Here is the abstract:
Detailed geologic mapping on the ∼1-km-tall, vertical southeast face of El Capitan was completed to determine the chronology and geometry of emplacement. Field relations reveal a complex intrusive history at the boundary between two intrusive suites involving interaction between several granitic units. No resolvable faulting or other postemplacement deformation was observed. New U-Pb zircon geochronologic data (laser ablation and isotope dilution) demonstrate assembly of the El Capitan Granite and diorites of the Rockslides and North America between ca. 106 and 103 Ma. New ages for the Taft (106.6 ± 0.7 Ma), Leaning Tower (104.1 ± 0.10 Ma), and Bridalveil (103.4 ± 0.4 Ma) plutons reveal that they intruded over the same interval as the other plutonic rocks exposed on the face of El Capitan, although field relations and geochronology suggest a distinct order of emplacement.

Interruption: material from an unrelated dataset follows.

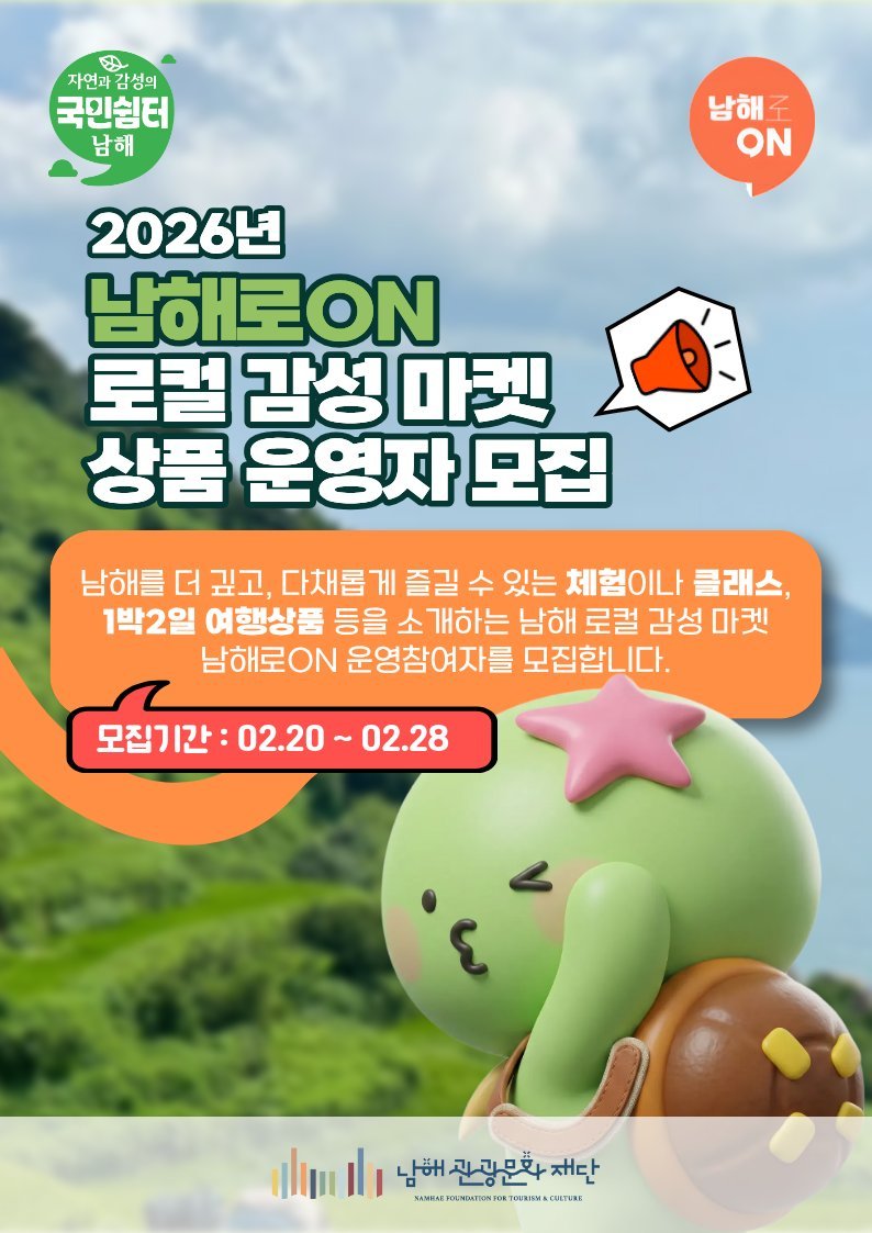 한편 ‘남해로ON 로컬 감성 마켓 상품 운영자 모집’과 관련한 문의 사항이 있을 재단 관광마케팅팀으로 연락하면 된다.

Two sets of aplite dikes are also exposed. Their whole-rock compositions suggest segregation at depths of 5–6 km and derivation from the intrusive suites of Yosemite Valley or Buena Vista Crest. Chemical analysis of samples collected along ∼1-km-tall vertical transects through the El Capitan and Taft Granites reveals no systematic variations in major or trace elements. Analysis of 78 photographs within the El Capitan Granite also shows no systematic variations in texture or mineralogy with elevation. Lack of resolvable vertical variations in both field and petrologic observations is consistent with incremental assembly, and is hard to reconcile with models that envision magma chambers as large fractionating bodies.